• PROBLEM TO SOLVE
Look in the listing below for the line that has "A long and lonely", then return it and each following line up to and including the one with "колец и т.д.)", exactly and without pictures.

• STORED DATA
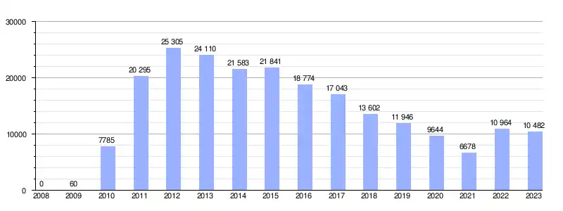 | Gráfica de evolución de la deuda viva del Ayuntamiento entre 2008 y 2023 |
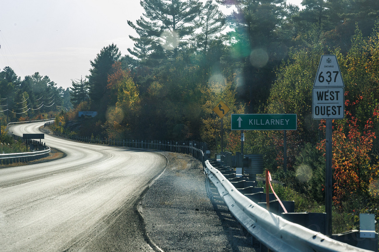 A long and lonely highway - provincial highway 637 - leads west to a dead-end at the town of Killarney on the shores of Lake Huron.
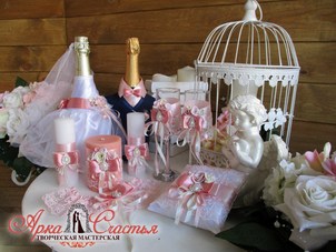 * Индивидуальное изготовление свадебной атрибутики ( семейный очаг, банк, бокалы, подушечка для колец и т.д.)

---

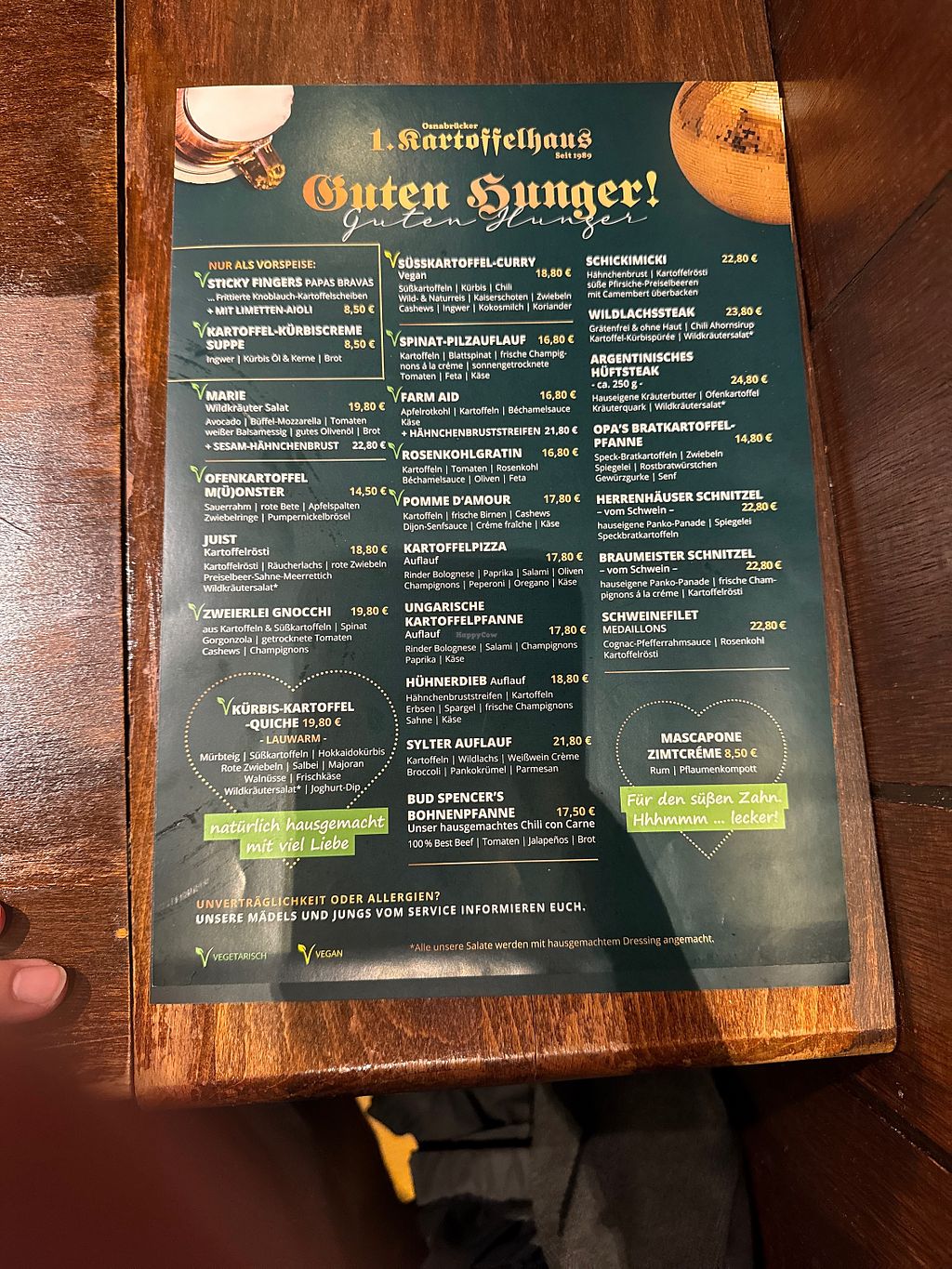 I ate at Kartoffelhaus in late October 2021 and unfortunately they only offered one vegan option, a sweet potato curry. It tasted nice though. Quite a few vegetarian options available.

• YOUR SOLUTION
 A long and lonely highway - provincial highway 637 - leads west to a dead-end at the town of Killarney on the shores of Lake Huron.
 * Индивидуальное изготовление свадебной атрибутики ( семейный очаг, банк, бокалы, подушечка для колец и т.д.)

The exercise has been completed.